Your instructions
Restate, exactly as written, the entries below from the line that holds "宝杨路是进入宝山邮轮港的主要道路,全路段共种植樱花184株。" through the line that holds "Davon haben die". Pictures are not part of the copy.

++++ Material provided ++++

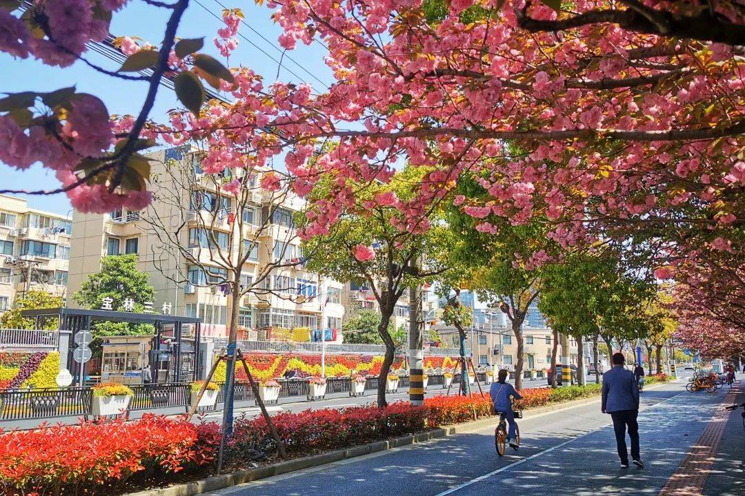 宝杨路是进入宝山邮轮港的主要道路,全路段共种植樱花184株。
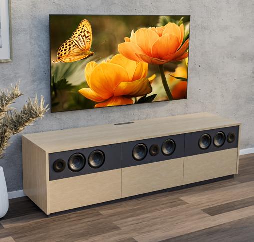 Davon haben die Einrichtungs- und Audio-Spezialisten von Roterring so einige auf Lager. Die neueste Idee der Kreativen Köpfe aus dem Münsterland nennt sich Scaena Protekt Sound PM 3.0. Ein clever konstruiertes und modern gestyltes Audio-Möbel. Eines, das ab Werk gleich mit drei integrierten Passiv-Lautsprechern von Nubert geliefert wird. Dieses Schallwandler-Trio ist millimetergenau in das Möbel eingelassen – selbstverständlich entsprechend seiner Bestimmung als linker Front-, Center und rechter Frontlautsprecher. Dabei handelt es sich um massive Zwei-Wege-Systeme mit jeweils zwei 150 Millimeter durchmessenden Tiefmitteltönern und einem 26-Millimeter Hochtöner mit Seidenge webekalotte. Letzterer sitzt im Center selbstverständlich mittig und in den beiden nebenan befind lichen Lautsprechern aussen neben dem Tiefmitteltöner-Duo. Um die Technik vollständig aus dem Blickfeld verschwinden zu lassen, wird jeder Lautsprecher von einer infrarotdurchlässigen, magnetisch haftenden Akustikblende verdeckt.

++++
++++ Material provided ++++

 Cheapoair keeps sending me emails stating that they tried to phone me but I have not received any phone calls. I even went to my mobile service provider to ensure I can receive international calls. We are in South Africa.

++++
++++ Material provided ++++

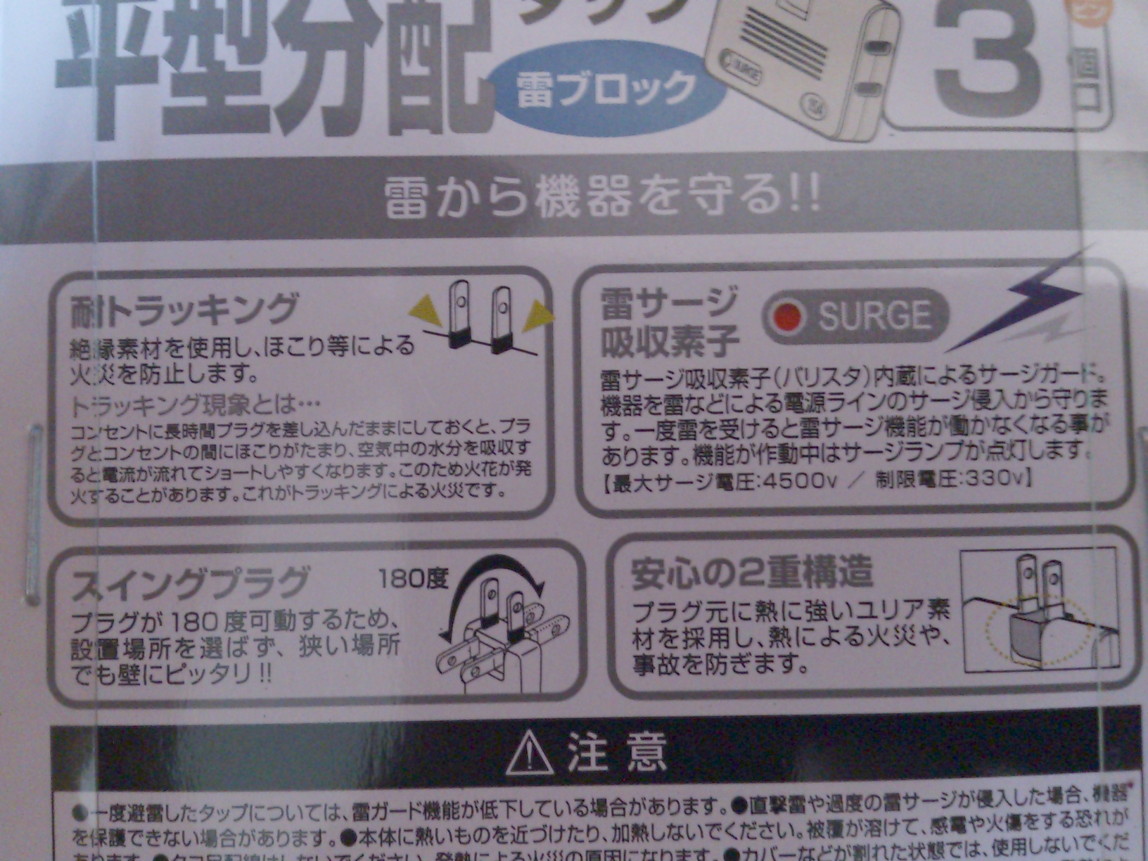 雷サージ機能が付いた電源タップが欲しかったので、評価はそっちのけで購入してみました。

++++

Answer box
 宝杨路是进入宝山邮轮港的主要道路,全路段共种植樱花184株。
 Davon haben die Einrichtungs- und Audio-Spezialisten von Roterring so einige auf Lager. Die neueste Idee der Kreativen Köpfe aus dem Münsterland nennt sich Scaena Protekt Sound PM 3.0. Ein clever konstruiertes und modern gestyltes Audio-Möbel. Eines, das ab Werk gleich mit drei integrierten Passiv-Lautsprechern von Nubert geliefert wird. Dieses Schallwandler-Trio ist millimetergenau in das Möbel eingelassen – selbstverständlich entsprechend seiner Bestimmung als linker Front-, Center und rechter Frontlautsprecher. Dabei handelt es sich um massive Zwei-Wege-Systeme mit jeweils zwei 150 Millimeter durchmessenden Tiefmitteltönern und einem 26-Millimeter Hochtöner mit Seidenge webekalotte. Letzterer sitzt im Center selbstverständlich mittig und in den beiden nebenan befind lichen Lautsprechern aussen neben dem Tiefmitteltöner-Duo. Um die Technik vollständig aus dem Blickfeld verschwinden zu lassen, wird jeder Lautsprecher von einer infrarotdurchlässigen, magnetisch haftenden Akustikblende verdeckt.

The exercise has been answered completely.